"I TRIED to use batting gloves at the beginning of every spring training up until 1999," says Guerrero (currently hitting .309), one of a handful of major leaguers who bat bare-handed. "It just didn't feel good." While other Ungloved Ones may use pickle juice or rubbing alcohol to toughen their hands--the Giants' Moises Alou sprinkles urine on his--Guerrero does nothing special. "My hands got tough from pulling ropes tied to cattle when I was a kid [in the Dominican Republic]," he says.
Red Sox Catcher
MIRABELLI (.206) first took off the gloves while in Double A in 1996 and says batting bare-handed helps him get a better sense of the way he's hitting. "I can feel exactly where I hit the ball because of the sensitivity with the vibrations coming down the bat," he said. "I like the positive and negative reinforcements that I get from not wearing batting gloves. It lets you know if you hit it good or if you didn't, so you can make adjustments."

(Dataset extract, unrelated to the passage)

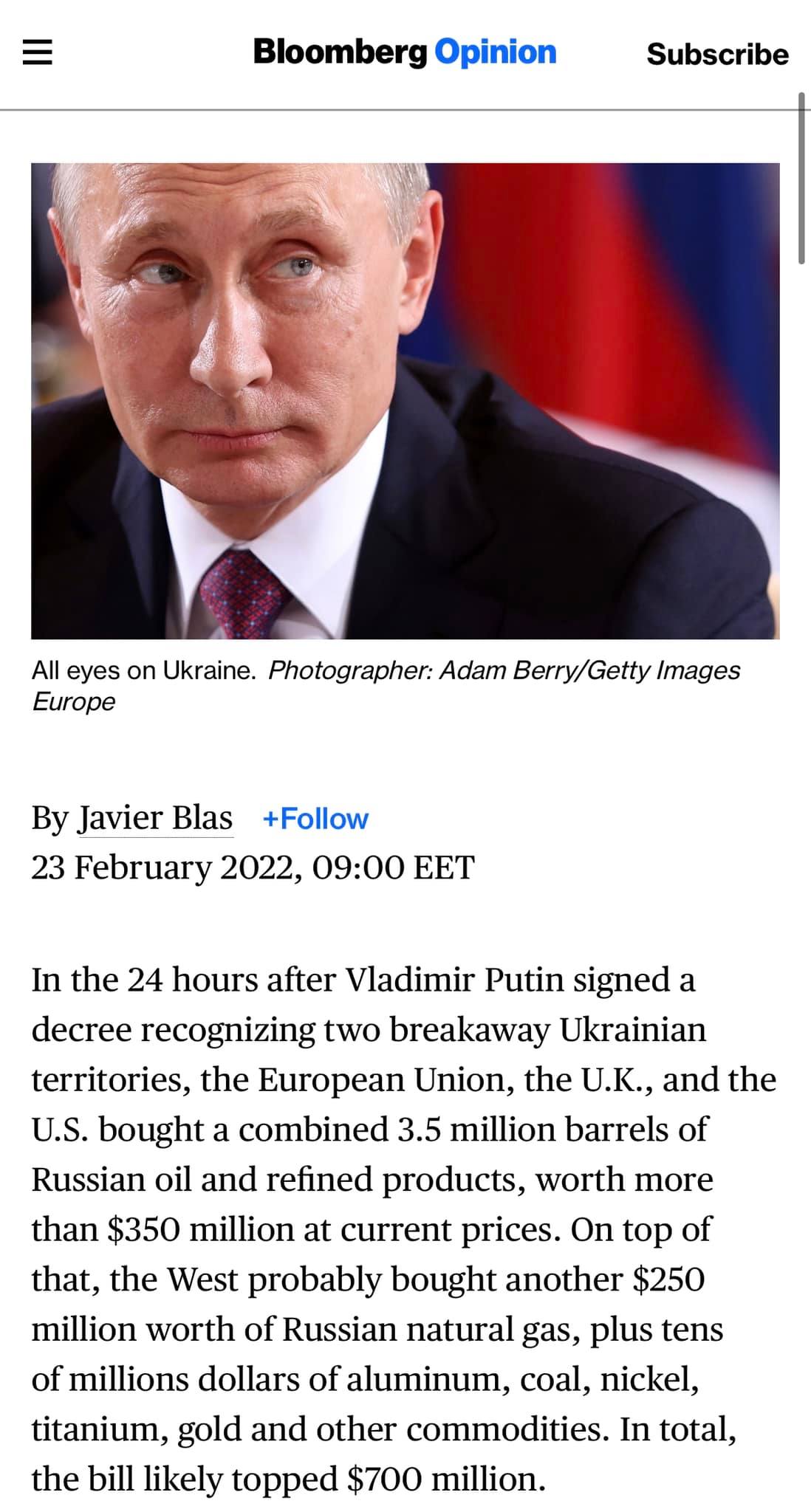 Germania cica se lupta cu Rusia si a anuntat suspendarea NordStream 2 dupa recunoasterea independentei celor 2 regiuni ucrainene! Despre sora NordStream 1, perfect functionala si care urmeaza acelasi traseu ca NordStream2 nu sufla o vorbulita! Una e teoretica si goala, cealalta exista, e plina si cara gaz la capacitate maxima! Chiar si dupa semnarea decretului, dincolo de sanctiunile anuntate, afacerile dintre Occident si Rusia sunt neclintite! Cititi o analiza cu datele pe masa in Bloomberg, mai precizeaza acesta!

Diamondbacks Second baseman
AFTER SEEING teammate Mark Grace bat bare-handed in 2001, Counsell (.295) gave it a try; his knuckles have been naked ever since. "For me, it's more comfortable," said Counsell, who wears gloves during batting practice to prevent calluses. "I'm surprised more guys don't do it; a lot of people are looking for a better feel, and I think it does give you that feel. But I think batting gloves have become such a part of the uniform that [most] guys just never do it anymore."
Mets First baseman
MIENTKIEWICZ (.216) recalls a painful at bat during an early-season game at Yankee Stadium when he played for the Twins in 2003. "It was snowing, and I went out with batting gloves on," he said. "[Yankees catcher] Jorge Posada, who doesn't wear batting gloves, called me a choice word, and he got in my head. I took the gloves off, and I hit one off the end of the bat. [Posada] was laughing at me when I got to first because he saw how much pain I was in."